I don't do much exterior work anymore, but still take on a few door jobs etc. Every year. Sprayed this front door with the new BM Command. Satin Sheen. Turned out fantastic. Graco 395 PC . 308fflp tip. Green frog tape. Colour. "Galaxy". With the 1 hr. Recoat time it was no problem to get this all done in 1 day..


----------



## fromthenorthwest (May 2, 2012)

Nice work Kevyn, looks fantastic. I still haven't quite figured out that Command, one door turned out decent and another one a little rough.
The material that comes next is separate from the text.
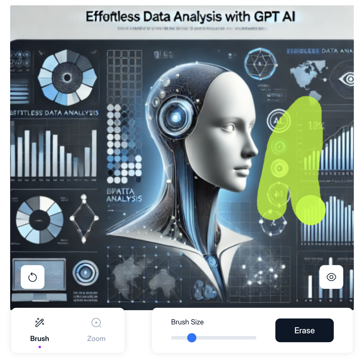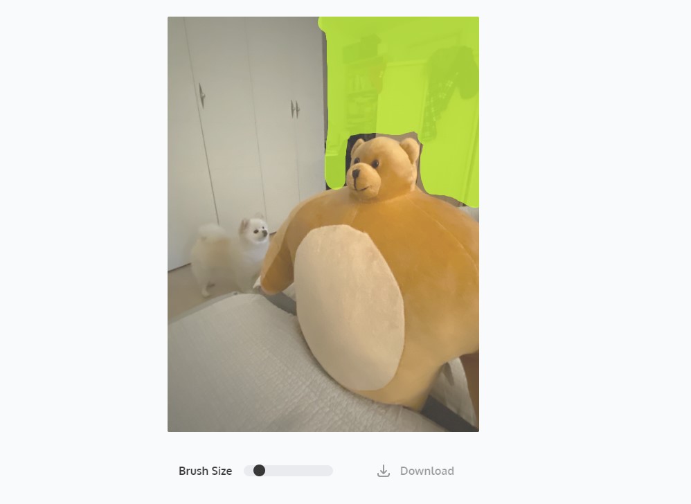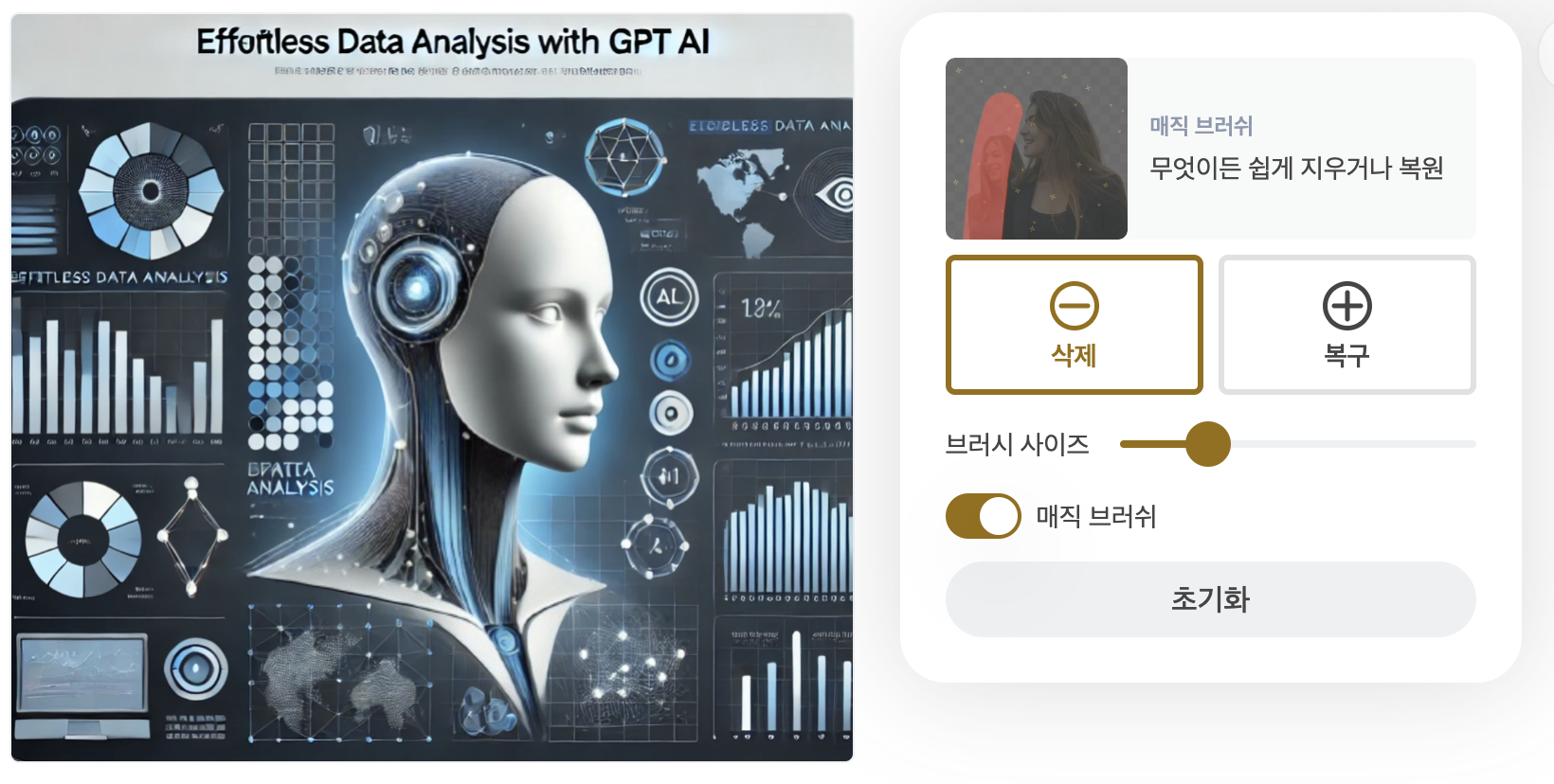배경을 자동 지우는 기능외에 수동으로 일부 이미지를 지우는 기능도 있습니다. '지우기/복원' 을 클릭하면 아래와 같이 수동으로 브러시로 직접 이미지를 지울 수 있습니다.

Seen enough good results on here with it though it's probably worth figuring out.


----------



## jennifertemple (Oct 30, 2011)

Beautiful!!


----------



## finishesbykevyn (Apr 14, 2010)

fromthenorthwest said:


> Nice work Kevyn, looks fantastic. I still haven't quite figured out that Command, one door turned out decent and another one a little rough. Seen enough good results on here with it though it's probably worth figuring out.


Ya, I've had mixed results. I think Urethanes are just finicky in general. Everything has to be really clean.. Although, This time around was rather flawless. Blocking time is incredible on this stuff.


----------